> [SUPPLIED DATA]
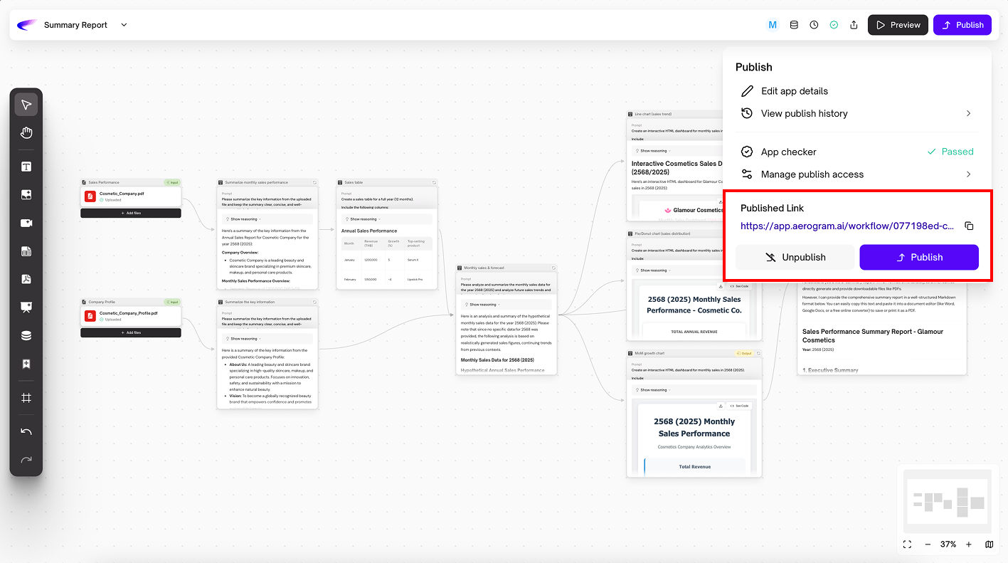 เราสามารถกำหนดสิทธิ์ให้ผู้อื่นสามารถเข้าถึงและใช้งาน App ได้โดยการกดปุ่ม **“Publish”** และกด **"Copy Link"** เพื่อทำการเผยแพร่ หรือกด **“Unpublish”** เพื่อยกเลิกการเผยแพร่ App
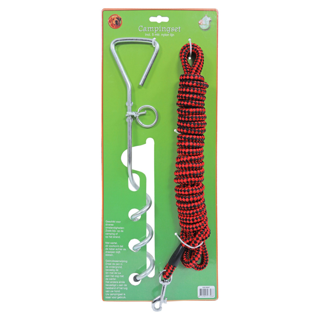 Campingset met 5 mtr lijn en draaipen ideeal voor op de camping of het strand
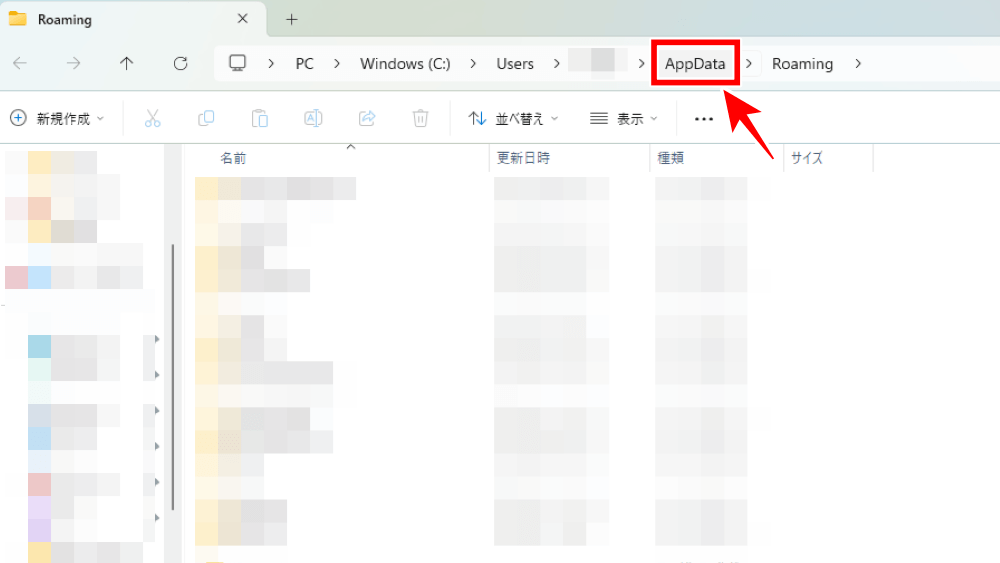 | 1 | 検索バーに「%appdata%」と入力しフォルダを開く |
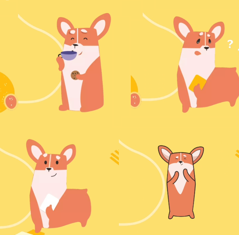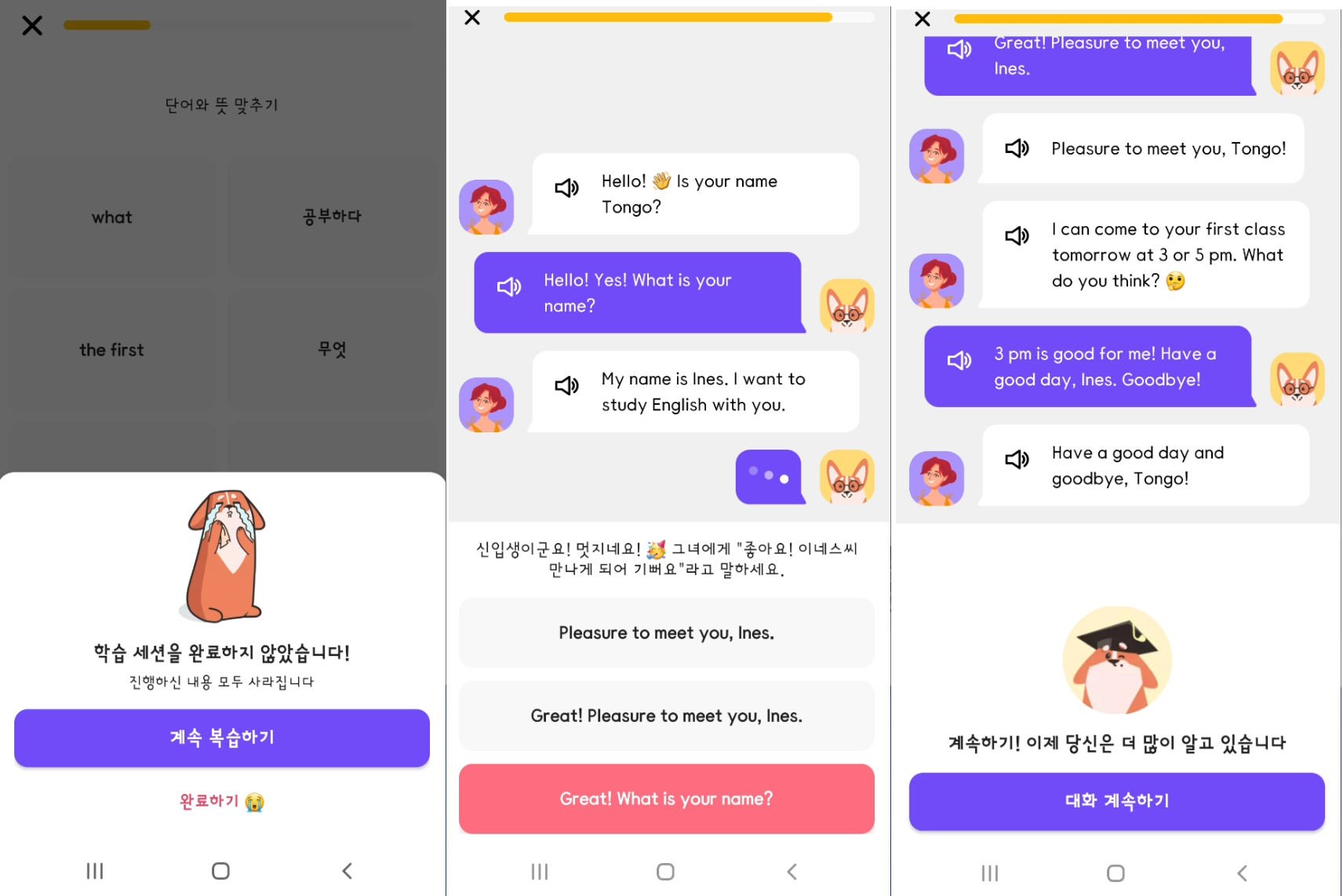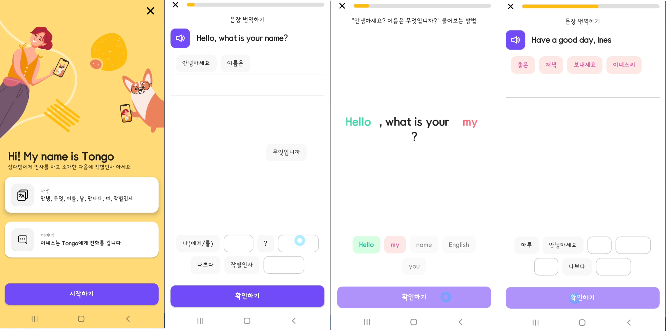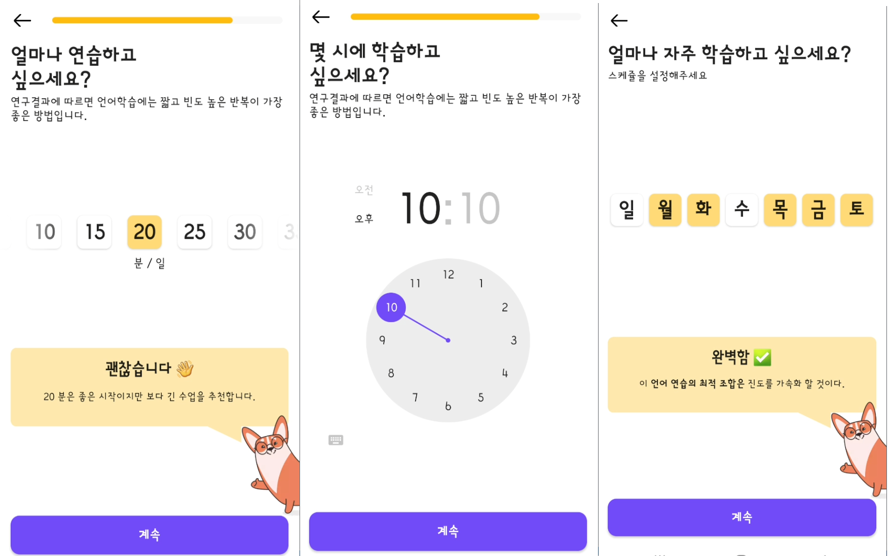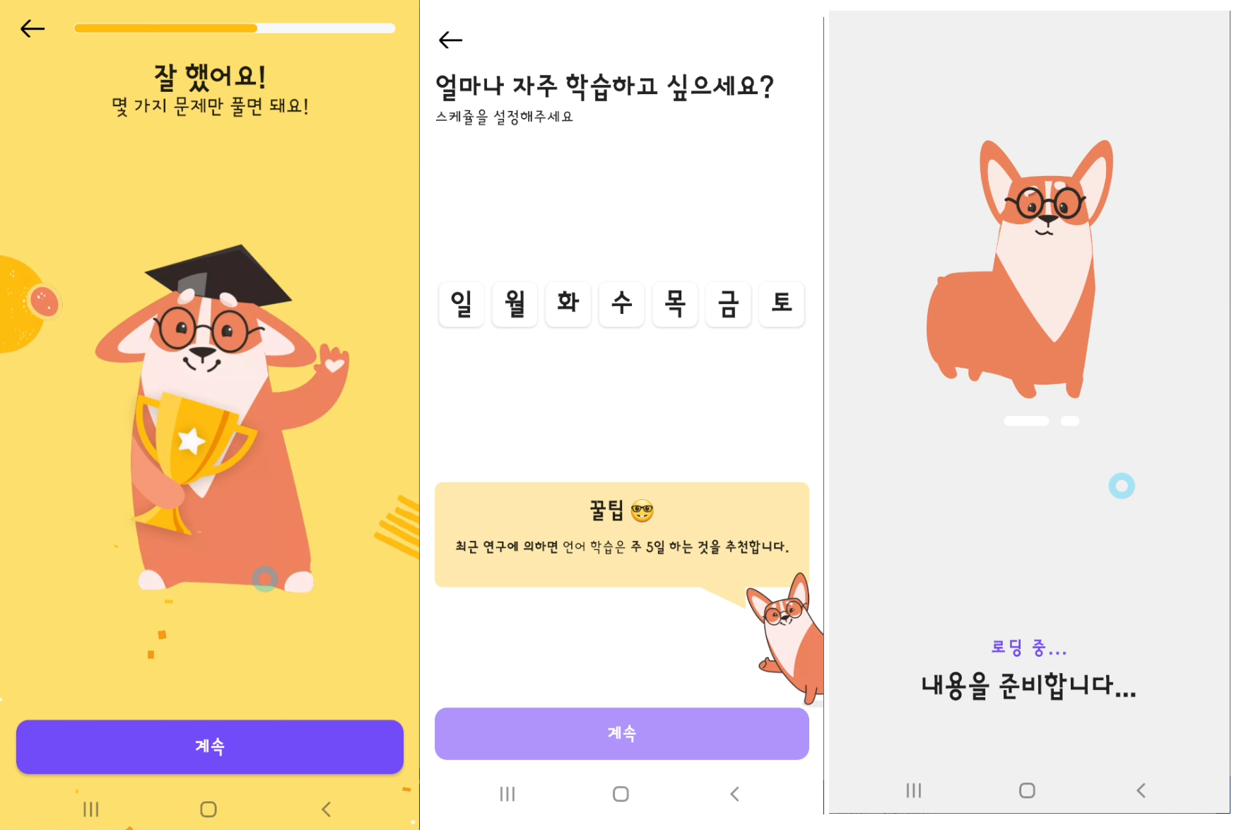서비스의 전반에서 보면 학습을 제외하고 가장 눈에 띄는 것은 이 Tongo의 메인 캐릭터인 웰시코기 강아지이다.

> [DIRECTIONS]
Only the lines from the one containing "Campingset met 5" through the end of the listing above should be reproduced, exactly as they stand. Leave the pictures out.

> [SOLUTION FOR THIS TASK]
 Campingset met 5 mtr lijn en draaipen ideeal voor op de camping of het strand
 | 1 | 検索バーに「%appdata%」と入力しフォルダを開く |
서비스의 전반에서 보면 학습을 제외하고 가장 눈에 띄는 것은 이 Tongo의 메인 캐릭터인 웰시코기 강아지이다.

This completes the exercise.